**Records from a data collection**

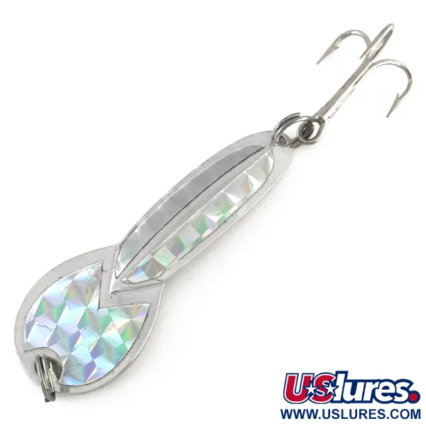 Prismatické geometrické segmenty pásky zachycují světlo na lícové straně této poniklované plandavky a dodávají jejímu kovovému profilu víceúhlý záblesk. S hmotností 17g (3/5oz) a délkou 7cm (2 3/4") je tato Glen Evans Loco 3 solidní volbou pro daleké náhozy nebo udržení hloubky při trollingu. Na zadní straně je vyraženo označení „LOCO 3“, které identifikuje tento kus jako produktový kód 8100. Sběratelé ocení stav 5/5, protože povrchová úprava i hardware zůstávají pozoruhodně čisté a zachovalé. Je navržena pro živou prezentaci, často se používá v mělkých vodách do hloubky 1 m, kde je její silueta a reflexní vlastnosti nejúčinnější. Tento exemplář je osazen originálními kroužky a silným trojháčkem.
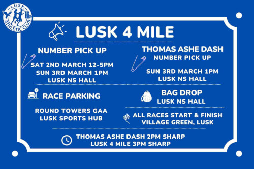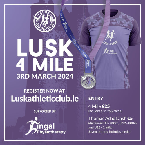 Hosted by Lusk AC this race is an Athletics Ireland permitted road race. It will be a chip timed 4 mile race through the streets and roads of Lusk.
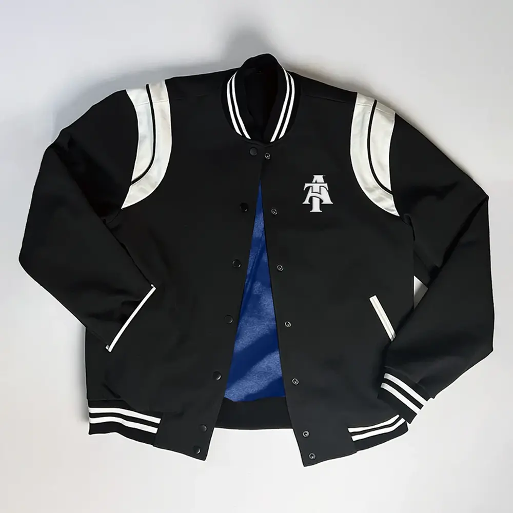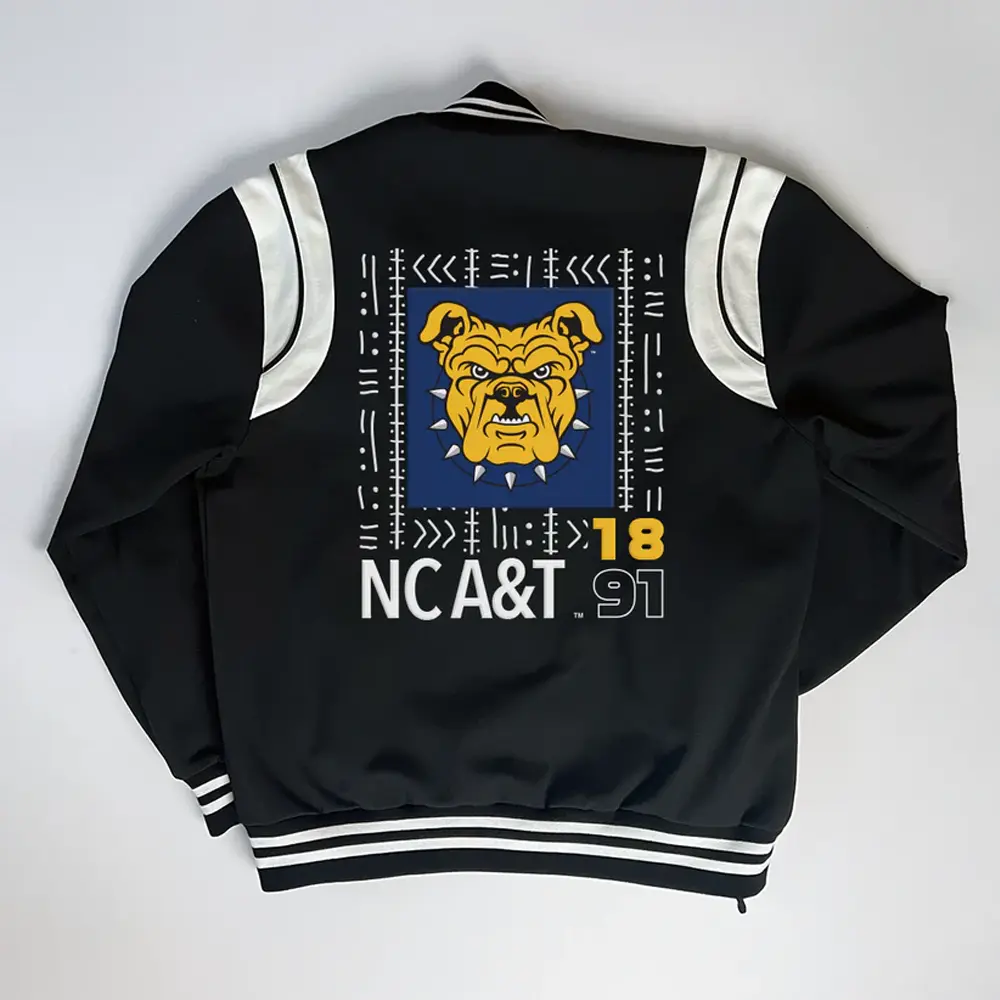 This varsity jacket is not just for style The material used when constructing this varsity is resilient and comfortable. The black wool is greatly tender and durable; you will find this varsity enjoyable and long-serving. There is extra lining inside to give extra warmth and is very easy to wear because of the snap button. Whether you are enjoying the game or just enjoying your daily attire, the NC A&T Aggie Mudcloth Varsity Jacket is a perfect fit for all occasions, sporty and chic, and college pride all in one stylish element.
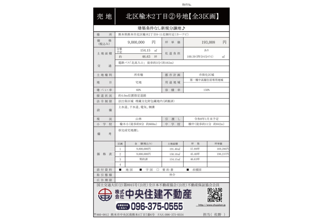 北区 楡木2丁目②号地【全3区画】
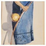 KAWANO Kaoru (1916-1965). Praying girl with doves, Great Mid-Century Modern Japanese woodblock design of girl wth doves at her feet, red chop mark to bottom left - 14 1/2" x 10" sight, matted under glass in 20" x 15 1/2" frame - Local pick up only OR buyer arranges ALL shipping and packing thorough third party vendor. 594

**What you will do**
Repeat the lines above exactly, and keep every picture out.

**Answer for the task**
 Prismatické geometrické segmenty pásky zachycují světlo na lícové straně této poniklované plandavky a dodávají jejímu kovovému profilu víceúhlý záblesk. S hmotností 17g (3/5oz) a délkou 7cm (2 3/4") je tato Glen Evans Loco 3 solidní volbou pro daleké náhozy nebo udržení hloubky při trollingu. Na zadní straně je vyraženo označení „LOCO 3“, které identifikuje tento kus jako produktový kód 8100. Sběratelé ocení stav 5/5, protože povrchová úprava i hardware zůstávají pozoruhodně čisté a zachovalé. Je navržena pro živou prezentaci, často se používá v mělkých vodách do hloubky 1 m, kde je její silueta a reflexní vlastnosti nejúčinnější. Tento exemplář je osazen originálními kroužky a silným trojháčkem.
 Hosted by Lusk AC this race is an Athletics Ireland permitted road race. It will be a chip timed 4 mile race through the streets and roads of Lusk.
 This varsity jacket is not just for style The material used when constructing this varsity is resilient and comfortable. The black wool is greatly tender and durable; you will find this varsity enjoyable and long-serving. There is extra lining inside to give extra warmth and is very easy to wear because of the snap button. Whether you are enjoying the game or just enjoying your daily attire, the NC A&T Aggie Mudcloth Varsity Jacket is a perfect fit for all occasions, sporty and chic, and college pride all in one stylish element.
 北区 楡木2丁目②号地【全3区画】
 KAWANO Kaoru (1916-1965). Praying girl with doves, Great Mid-Century Modern Japanese woodblock design of girl wth doves at her feet, red chop mark to bottom left - 14 1/2" x 10" sight, matted under glass in 20" x 15 1/2" frame - Local pick up only OR buyer arranges ALL shipping and packing thorough third party vendor. 594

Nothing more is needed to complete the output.